Ready to move your surplus? Start with photos and a quick upload at Get a Quote (/contact). We’ll price it today, schedule pickup on your timeline, and put cash in your account before wheels roll.
Why Partner with Circuit Breaker Buyer USA?
For Nashville healthcare facilities and electrical contractors, time, compliance, and certainty matter. Circuit Breaker Buyer USA combines deep low-voltage power distribution expertise with fast, transparent asset recovery to turn surplus breakers, switchgear, and ATS equipment into top-dollar value—without disrupting patient care or project timelines.
Healthcare-grade expertise you can trust
- We understand essential electrical systems (EES) under NEC 517, NFPA 99, and NFPA 70E. Our crews plan around life-safety, critical, and equipment branches, coordinate shutdown windows with Facilities/Clinical Engineering, and comply with ICRA protocols and interim life safety measures.
- We buy and handle UL 489 MCCBs and UL 1066 LVPCBs across major OEMs: Schneider/Square D PowerPact H/J/L/P/R and Masterpact NT/NW; Eaton Series C/G (FD, HFD, HKA, KD, MDL) and Magnum DS; GE Spectra RMS (SE/SF/SG), Power Break/Power Break II, EntelliGuard G; Siemens Sentron VL/3VA, WL; ABB Tmax T2–T7 and Emax 2 E1–E6; Cutler-Hammer/Westinghouse KD/LD/MD/ND frames. We also purchase associated gear like Square D I-Line and NF/NQ boards, Eaton PRL1/2/4, GE Spectra switchboards, Siemens P1–P4, LV switchgear lineups, MCC buckets (Square D 8536, Allen-Bradley Centerline 2100), and hospital-grade ATS units (ASCO 300/4000/7000, Zenith ZTG/ZTX).

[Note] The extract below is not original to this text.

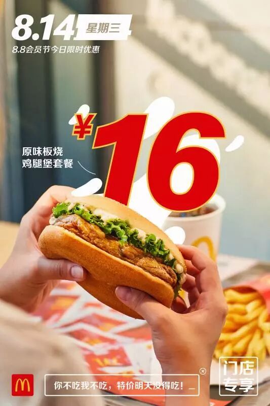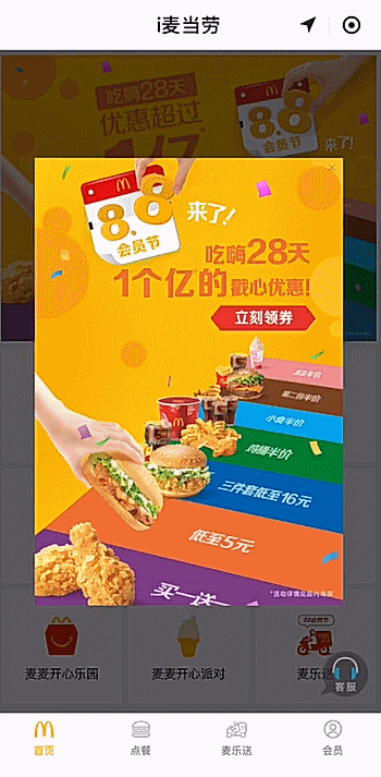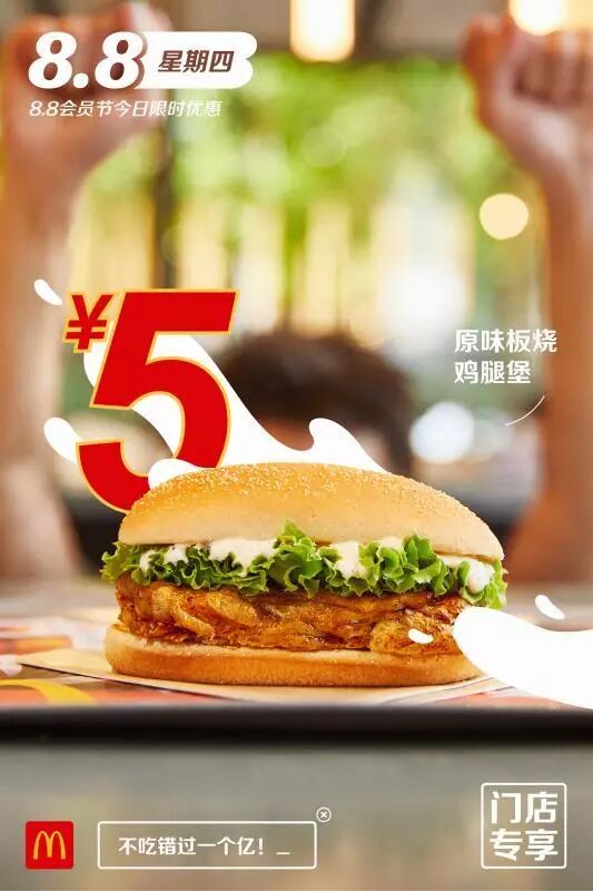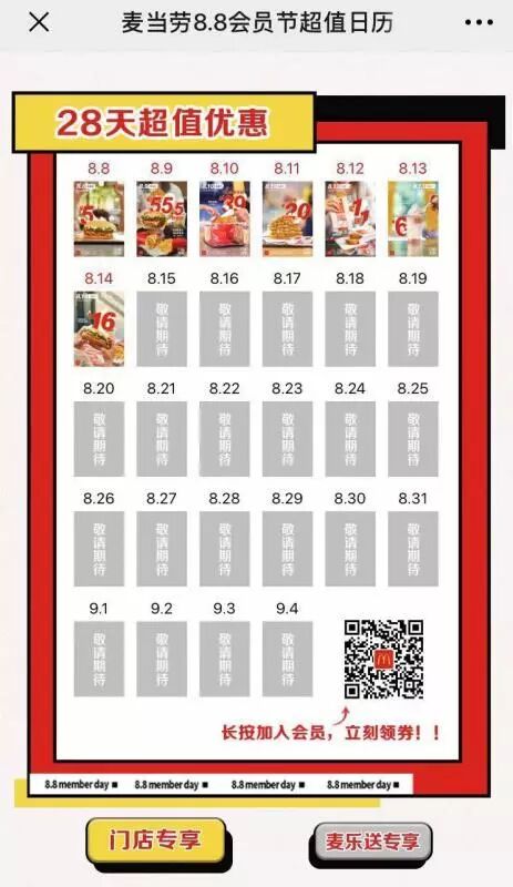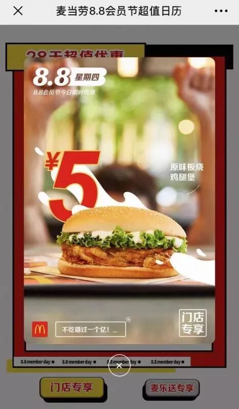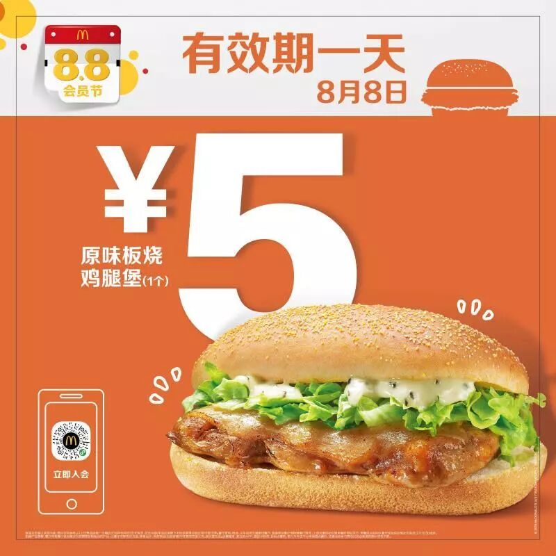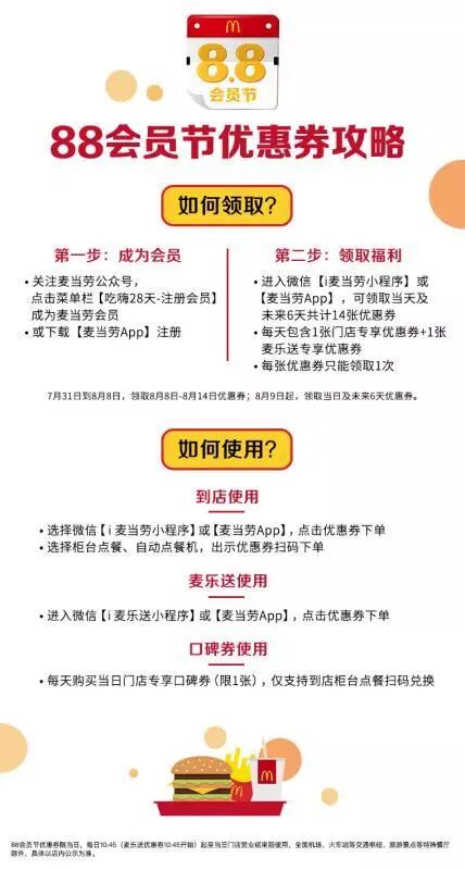 - 来不及解释了,先领一周14张券!(꒪Д꒪)ノ 最近这个消息传疯了: “麦当劳8.8会员节又来了?都上微博热搜了!!” “天哪我的5元板烧!今年一定早点冲鸭!” “嗨翻28天,据说优惠一个亿?!”

- We know the accessories that retain value—Micrologic and Digitrip trip units, EntelliGuard trip units, LSIG functions, ground-fault modules, UVR, shunt trip, bell alarm, and metering kits—and we price accordingly.
Competitive, data-driven pricing
- We benchmark live secondary-market demand down to model numbers (e.g., Masterpact NW25H2, Eaton Magnum DS 3200A, Siemens WL 4000A, GE AKR-75S, ABB Emax 2 E4.2) to deliver immediate, firm offers. No cherry-picking—we buy complete lots, from 15A branch MCCBs to 5000A mains.
- Same-day POs, rapid ACH on pickup, and options for guaranteed-outcome buyouts or revenue-sharing on premium items. We provide serialized manifests with photos so your finance and compliance teams have full traceability.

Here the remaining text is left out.